Research on retrieval enhancement generation methods for cross-knowledge base retrieval
Abstract
Multi-layered knowledge sources and technologies are used for the knowledge management in power firms in terms of policies and rules, internal systems, project experience and breakthroughs. Most existing RAG approaches lack heterogeneous knowledge integration, retrieval and generation objectives, and knowledge tracing capabilities in cross-knowledge base settings.

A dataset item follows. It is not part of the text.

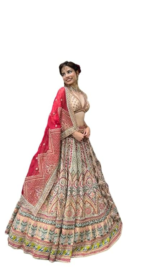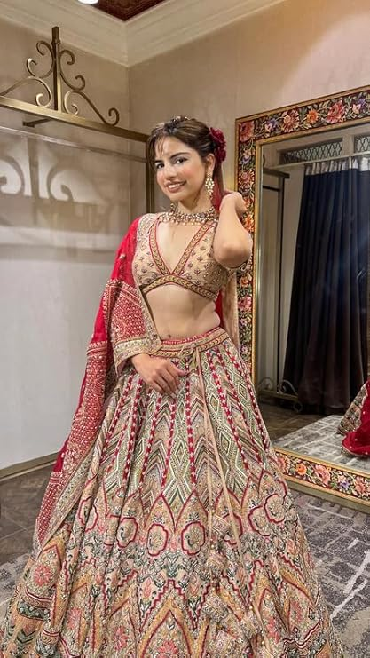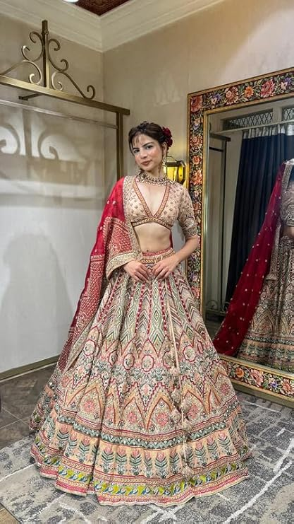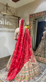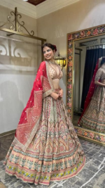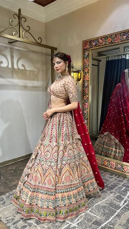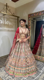 Women’s Beautiful Red & Beige Color Floral Embroidered Bridal Lehenga

We design a heterogeneous Knowledge Dynamic Alignment Retrieval Enhancement Generation (HDR-RAG) algorithm to build a three-level system of “heterogeneous knowledge dynamic alignment, bidirectional feedback retrieval, and collaborative optimization generation”. HDR-RAG synthesizes structured knowledge, raw documents and business knowledge fragments in a unified way through contrastive learning. It leverages cross-database filtering, original text tracing, and multi-model collaborative question answering. We adopt hybrid retrieval and production feedback to achieve high retrieval performances and we use joint reward and lightweight reinforcement learning to maximize generation quality. Experimental results show HDR-GR outperforms major comparison algorithms (R@10 reaches 89.7%, P@10 reach 82.3%), generation quality (BLEU-4 reaches 65.3%, fidelity reaches 91.5%), and efficiency to support cross-connection question answering, knowledge retrieval, intelligent creation in power knowledge service setting.